11. März 2020 | Energiewende, Klimawandel

Berlin. Angesichts des Klimawandels ist es höchste Zeit für eine ehrgeizige und naturverträgliche Energiewende. Bundeskanzlerin Angela Merkel berät mit den Ministerpräsidentinnen und Ministerpräsidenten der Länder am Donnerstag über die Zukunft der erneuerbare Energien in Deutschland. Der Bund für Umwelt und Naturschutz Deutschland (BUND) fordert entschlossenes Handeln im Zuge einer verbindlichen Bund-Länder-Strategie. 

"Die Energiewende ist Kernaufgabe beim Klimaschutz.
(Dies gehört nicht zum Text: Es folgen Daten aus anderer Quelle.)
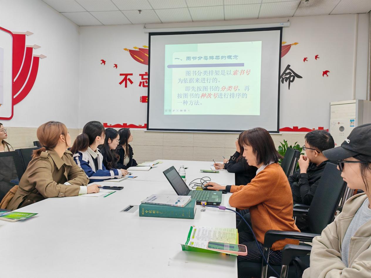 随后,张筠老师为同学们带来了一场题为《中国图书馆分类法》的精彩讲座。张筠老师以其深厚的专业素养和丰富的实践经验,深入浅出地讲解了图书分类的原理和方法,并结合具体实例,让同学们对图书分类有了更加直观和深刻的理解。讲座过程中,同学们积极听讲与互动,现场气氛热烈。实践活动进入动手操作环节时,黄晓燕和姚懿芳老师带领同学们来到了资源建设部,开始了图书编目、加工的实践操作。同学们轮流进行图书磁条粘贴、盖章以及图书MARC信息录入等工作。在老师们的耐心指导下,同学们逐渐掌握了图书编目、加工的基本技能,体验到了图书入库的全过程。此外,在社科图书阅览室,帅敏与刘烨等老师一起,指导同学们进行图书上架、整架的实践操作。同学们穿梭在书架之间,认真地将一本本图书按照分类法准确归位,体验到了图书馆员日常工作的辛勤与不易。

Doch die Regierung verschleppt und verhindert eine naturverträgliche Energiewende in sträflicher Weise", sagt Olaf Bandt, BUND-Vorsitzender. "Kohleausstieg, Windkraft, Solarenergie — ein klimapolitischer Moll-Dreiklang. Besonders düster ist die Lage bei der Windenergie", so Bandt.

Aufgrund des massiven Einbruchs beim Zubau von Windenergieanlagen droht in Deutschland bis 2030 eine Ökostromlücke von mindestens 100 Terrawattstunden. Doch damit nicht genug: Sogar ein Nettorückgang der installierten Windenergie-Leistung ist nicht auszuschließen, weil Altanlagen aus der EEG-Förderung fallen. Dennoch werden Hemmnisse nicht abgebaut.

"Statt den Schalter endlich auf Erneuerbare umzulegen, streitet die Koalition seit Monaten über die Regelung des Mindestabstands von Windkraftanlagen zur Wohnbebauung", so Bandt. "Das ist Klimaschutzpolitik nach dem Kataster. Die CDU hält an einer starren 1000-Meter-Abstandsregel fest, die weder dem Naturschutz noch einer höheren Akzeptanz in der Bevölkerung dient." 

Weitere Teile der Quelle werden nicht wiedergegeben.